Epidemic simulation

Now we have a model, we need a simulator on which to run it. In this chapter we’ll introduce the ideas behind simulating processes over networks, in particular the idea of discrete-event simulation. We’ll then – finally! – be ready to look at the main ways in which network science simulations are coded, and to run an epidemic model over a network.

Some notes about simulation

Simulation is an enormous topic in computer science, with a long and distiinguished history. It’s easy to see why it’s so important: whenever we use computers to study natural processes (or indeed man-made or engineering processes) we’re taking a physical system, abstracting it into a computer model, and then building software that runs the model as if it were the real system running in the real world – and then draw conclusions about how the real system will behave when subjected to the analagous real-world situation.

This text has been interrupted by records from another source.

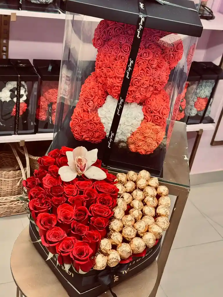 Caja de corazon mas orquídea grande, mas oso grande a disponibilidad de colores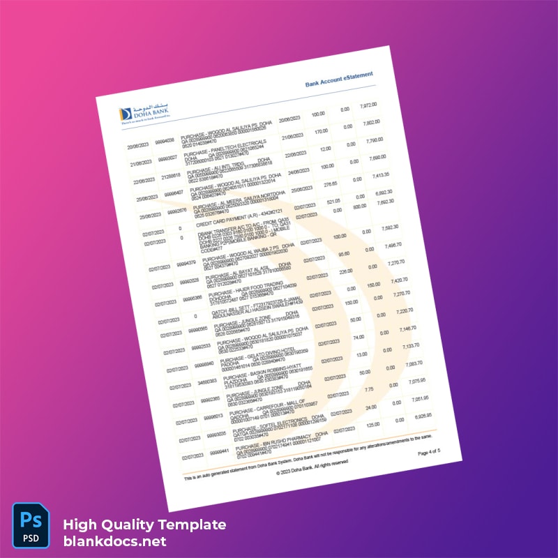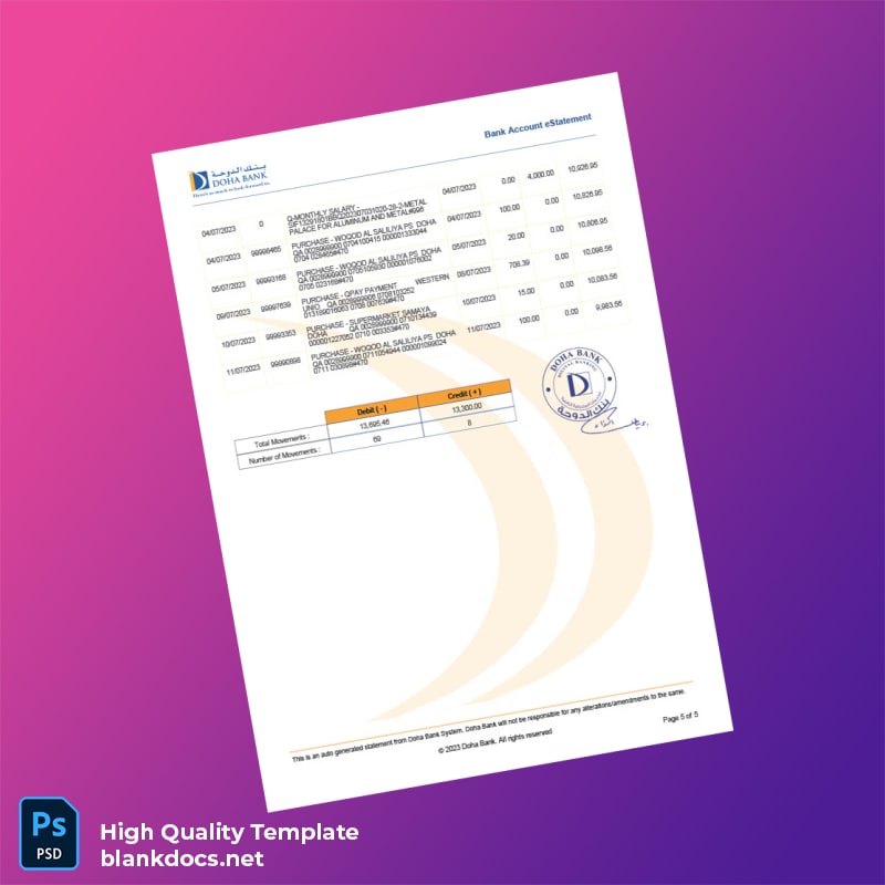 The Qatar Doha Bank Statement Template is the ultimate solution for professionals seeking a reliable and editable document for their banking needs. Offered in both Word and PDF formats, this template is designed to simplify your process of creating accurate bank statements.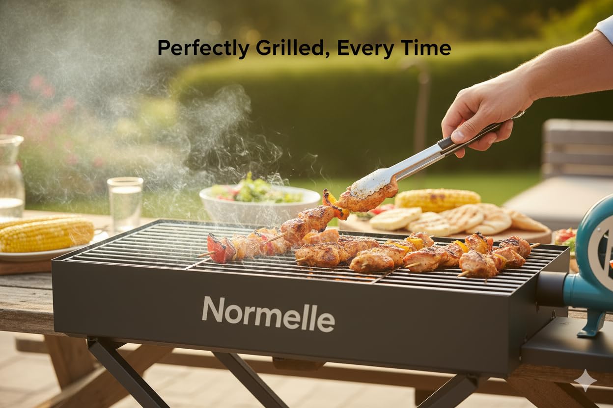1. Foldable & Portable Outdoor Grill – Designed with an X-shape foldable stand and adjustable height, this charcoal barbecue grill is easy to carry and store. Its lightweight yet sturdy frame makes it ideal for camping, picnics, garden gatherings, and road trips without taking up much space.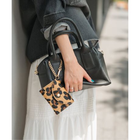 Spick & Span別注でレオパード柄のカードケースをつけ、程よくコーディネートのアクセントに。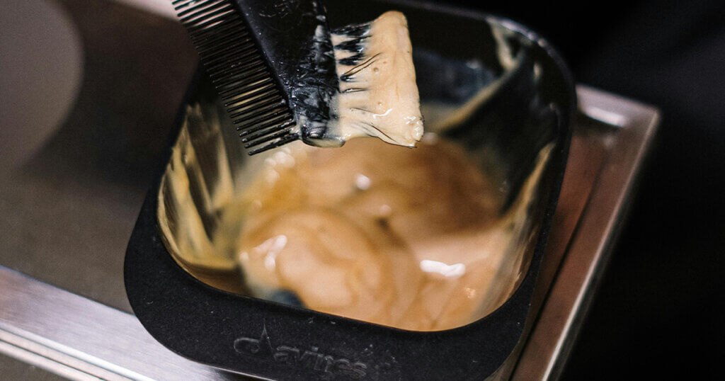 当店で使用している痛みにくいヘアカラー。髪の潤いをキープしながらカラーを入れるのですが、成分の配合がポイントとなります。

The process of model abstraction – of which compartmented models of disease are a prime example – is a process of simplification, of leaving out details in order to get to the essentials of the process we’re interested in. This reduction of detail is sometimes criticised by those outside the scientific community: if you leave out the details, how do you know that your model is really saying anything about the real-world phenomenon? And that’s a fair point. But simplification is essential if we’re to understand the core behaviour of processes and not be distracted by all the details.

Model quality

How do we know is a model says anything meaningful? We need to verify and validate it – two software engineering concepts that are sometimes summarised as “did we build it right?” and, “did we build the right thing?”.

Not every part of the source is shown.